Landmark research has found that women who take the Pill while young are at lower risk of ovarian, womb and bowel cancer more than three decades later.
The study of 46,000 women – the longest ever led– concluded that the protective benefits last for 35 years after they stop taking the oral contraceptive pill.
The British women in the study had the drug for just three and a half years on average when they were in their 20s and 30s.
But the protection from cancer lasted until their 50s, 60s, and 70s – the age when they would usually be at greatest risk.
And they were at no greater risk of other forms of cancer – a finding that will reassure those who take the Pill.
The researchers, from the University of Aberdeen, calculated that women who had taken the Pill were a third less likely than women who had never taken the drug to ever develop cancer of the ovaries or the endometrial – the lining of the womb.
And they were a fifth less likely to develop bowel cancer.
Some 3.5million women in Britain take the Pill, which is by far the most popular method of contraception.
Experts last night said the study, published in the American Journal of Obstetrics and Gynaecology, would ’significantly alter’ the public’s view of the risks and benefits of the drug.

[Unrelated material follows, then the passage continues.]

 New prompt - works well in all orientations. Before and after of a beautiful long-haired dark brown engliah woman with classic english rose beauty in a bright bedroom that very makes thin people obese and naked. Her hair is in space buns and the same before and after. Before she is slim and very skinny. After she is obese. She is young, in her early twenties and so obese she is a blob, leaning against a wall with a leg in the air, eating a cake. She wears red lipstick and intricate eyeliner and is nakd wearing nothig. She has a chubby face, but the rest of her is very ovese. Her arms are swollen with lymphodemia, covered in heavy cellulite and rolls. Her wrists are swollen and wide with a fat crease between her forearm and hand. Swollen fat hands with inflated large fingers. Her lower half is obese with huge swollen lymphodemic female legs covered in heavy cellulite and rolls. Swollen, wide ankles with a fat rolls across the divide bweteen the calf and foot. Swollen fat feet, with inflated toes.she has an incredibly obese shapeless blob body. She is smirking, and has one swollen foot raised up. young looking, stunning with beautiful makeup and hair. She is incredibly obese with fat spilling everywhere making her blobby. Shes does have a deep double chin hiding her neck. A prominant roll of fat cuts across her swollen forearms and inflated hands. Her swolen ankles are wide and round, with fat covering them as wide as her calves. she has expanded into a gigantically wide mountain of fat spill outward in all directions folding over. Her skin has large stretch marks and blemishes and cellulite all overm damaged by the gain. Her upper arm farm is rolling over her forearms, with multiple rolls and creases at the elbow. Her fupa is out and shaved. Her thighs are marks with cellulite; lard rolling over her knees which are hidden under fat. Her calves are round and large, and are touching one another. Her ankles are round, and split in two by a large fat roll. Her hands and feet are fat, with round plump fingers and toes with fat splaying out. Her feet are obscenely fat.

Women have long been told if they take the Pill they may be at higher risk of breast cancer or cervical cancer. But the study showed these risks do not last long, disappearing completely five years after they stopped taking the Pill. By the time women have gone through the menopause – the time when most cancers occur – those who have taken the Pill in the past are at no additional risk of any cancer, the researchers found.
The Aberdeen team wrote: ’These results provide stronger evidence that most women do not expose themselves to long-term cancer harm if they choose to use oral contraception; indeed many are likely to be protected.’

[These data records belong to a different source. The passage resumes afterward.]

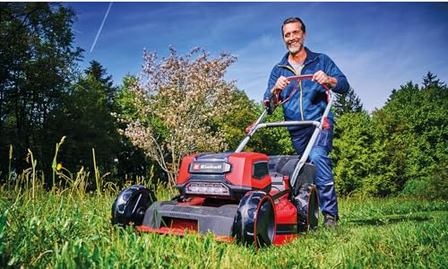 Einhell Akku-Rasenmäher GP-CM 36/47 S Li BL Kit Power X-Change (36 V, 47 cm Schnittbreite, bis 700 m², Brushless, 65 L Fangkorb, Radantrieb, inkl. 4x 4,0 Ah + 2x Twincharger)
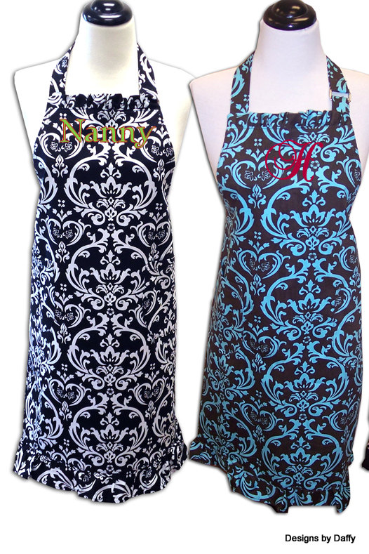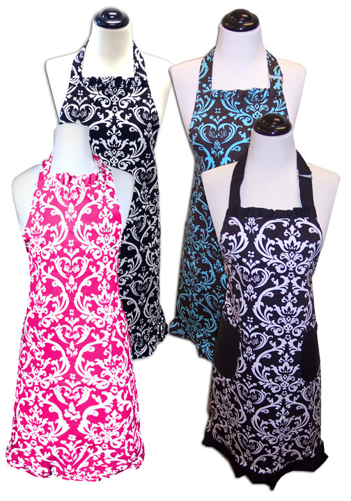 * Color Apron - black and white damask, black and white w/black trim, fuschia and white, or brown and blue damask
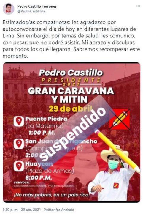 A través de sus redes sociales, la agrupación precisó que por esta condición de salud del profesor cajamarquino, las actividades proselitistas programadas para este jueves se suspenden.

They found that for every 100,000 women who took the Pill, 22 would develop ovarian cancer at some point in their life, compared to 33 who never took the drug.
Some 48 users would develop bowel cancer, compared to 59 non-users, and 19 women who took the Pill would develop endometrial cancer, compared to 30 who did not.
The Pill works by artificially raising levels of the sex hormones oestrogen and progesterone, which stop the ovaries from ovulating.
Additional oestrogen increases the risk of breast cancer and cervical cancer – the focus of research fears in the past. But scientists think this risk is offset by the reduction in ovulation – which cuts the risk of ovarian and endometrial cancer.
They are not yet sure why bowel cancer is affected.
The study involved 23,000 women from across the UK who used the combined oral contraceptive pill, and 23,000 who did not. They were tracked until 2012.
Professor Helen Stokes-Lampard, of the Royal College of GPs, said: ’Millions of women who use the combined oral contraceptive pill should be reassured by this comprehensive research that they are not at increased risk of cancer as a result – and that taking the Pill might actually decrease their risk of certain cancers.’